Her name was Jessica Frank. We dated for six months. She lived in San Mateo, and I lived in Kensington. I took public transit to see her at least twice a week. I would take a bus to the BART station, to Cal-Train, then another bus on the San Mateo side. The trip took almost three hours each way.
I thought nothing of it for the chance to hold hands with her, smoke clove cigarettes and listen to Depeche Mode, while red candles burned. That, or sometimes we would go watch a movie. I can't remember a single movie we watched. I think I was just happy to be with her.
My alcoholism was escalating during this time, however. I always found the church liquor stash. The funny thing is, no matter which church was hosting the YRUU conference, they always had one.
At one of the conferences the younger brother of Jessica's best friend gave me a black eye while we were sparring, drunk of course. The next morning I ran out on to the deck, slipped and executed a full Charlie Brown maneuver, a forward-flip. I landed on one foot and sprained my ankle.
Later that day at Jessica's friend's house, her friends decided that I, with my new limp and my black eye was not worthy of her affection. They broke up with me on the spot. No longer in shock, I cried and spun circles on the floor of my father's Econoline van, holding my intensely painful ankle all the way home. It was a long drive for me, and my parents.

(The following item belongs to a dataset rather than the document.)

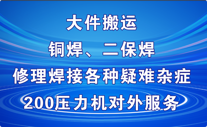 本地服务 底价租叉车大件搬运铜焊、二保焊修理焊接各种疑难杂症200压力机对外服务...
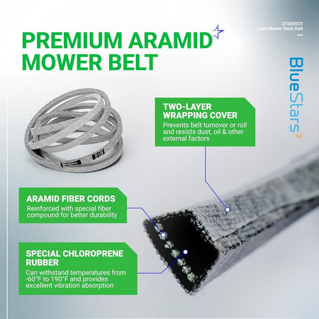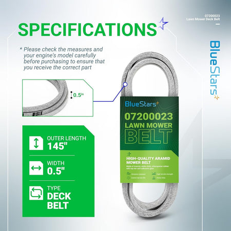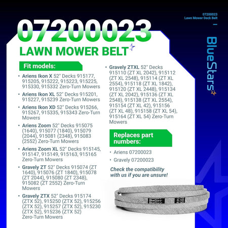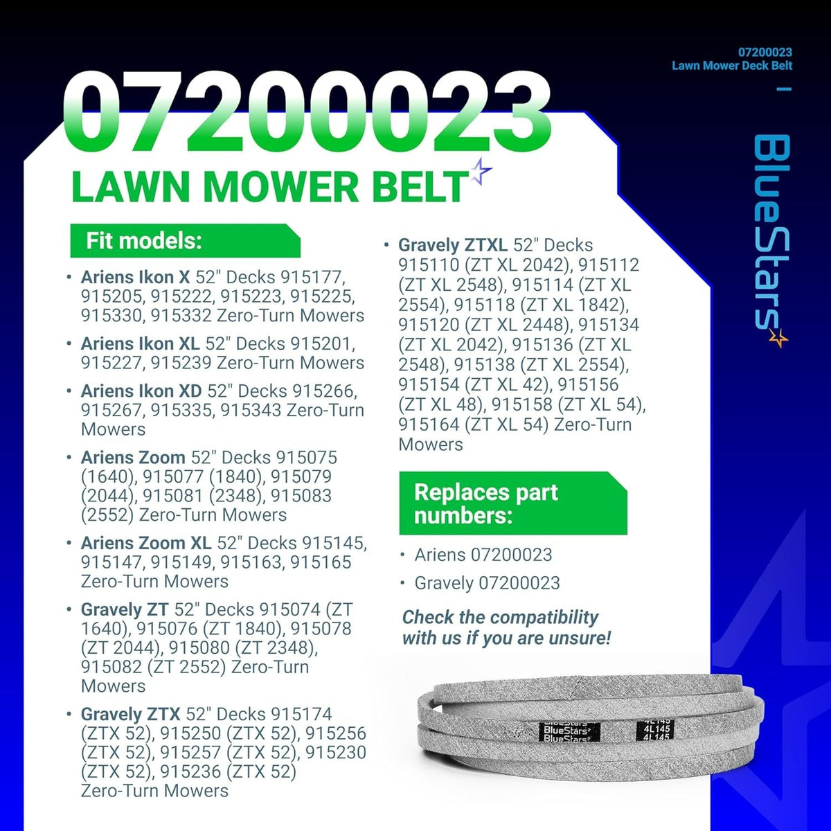 This Lawn Mower Deck Belt replaces part numbers: Ariens 07200023, Gravely 07200023

That was my first and only intimate relationship during high-school. I was sixteen. I stopped attending YRUU conferences and youth groups soon after that. I was heartbroken and disillusioned, and my drinking habit was taking on a new dimension during that time.
A few years later, after I had moved out of my parents house, there were some incidents involving my younger sister, Laura and the sextant of FUCK. The sextant was in his sixties, and he taught Sunday school. He had no children of his own, and he lived nearby with his mother. My sister was seven or eight years old.

He occasionally followed her around the grounds. One day, the day of the science fair at Kensington Hilltop Elementary School, the sextant of FUCK showed up. He had no children of his own, he did not greet any of the parents. He followed my sister around. He had no reason to be there. I asked Laura about that time recently, she said her memory from that time was blurry.
My parents complained to the ministers of his creepy behavior. They were not the first ones to come forward about the guy. They implored the ministers of FUCK to perform a simple background check on him.
The ministers refused, they said it would be an invasion of his privacy.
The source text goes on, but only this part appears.